:: PROVIDED MATERIAL ::
[Start of section]

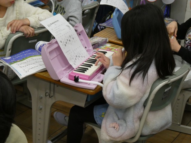 鍵盤ハーモニカを使って、一音一音を引きながら、「つづくかんじ」と「おわるかんじ」を、自分で作った旋律を音にしていきました。
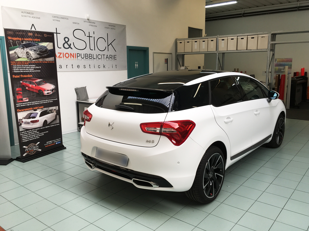Rivestimento completo DS5 con pellicola cast da car wrapping “3M 1080 bianco opaco”.
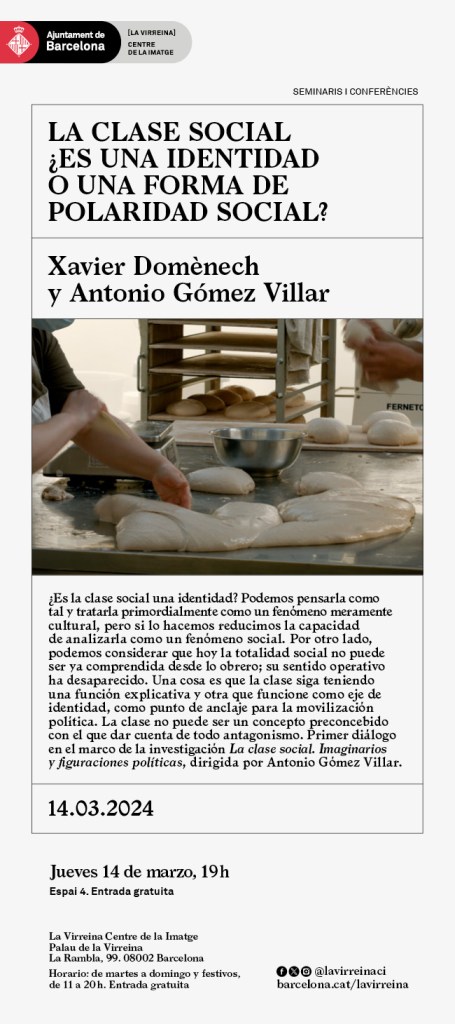 Me hace mucha ilusión este diálogo con Xavier Domènech, en el marco del proyecto de investigación que dirijo en La Virreina, “La clase social. Imaginarios y figuraciones políticas”. La pregunta que articula esta primera sesión es acerca de si la clase social es una identidad o una forma de polaridad social. Muchas gracias a Lúcia Prancha por cedernos amablemente la imagen que acompaña la actividad. Toda la información pinchando aquí

[End of section]

:: WHAT THE TASK ASKS ::
Print the material word for word; images are to be left out.

:: ANSWER TO THE PROBLEM ::
 鍵盤ハーモニカを使って、一音一音を引きながら、「つづくかんじ」と「おわるかんじ」を、自分で作った旋律を音にしていきました。
Rivestimento completo DS5 con pellicola cast da car wrapping “3M 1080 bianco opaco”.
 Me hace mucha ilusión este diálogo con Xavier Domènech, en el marco del proyecto de investigación que dirijo en La Virreina, “La clase social. Imaginarios y figuraciones políticas”. La pregunta que articula esta primera sesión es acerca de si la clase social es una identidad o una forma de polaridad social. Muchas gracias a Lúcia Prancha por cedernos amablemente la imagen que acompaña la actividad. Toda la información pinchando aquí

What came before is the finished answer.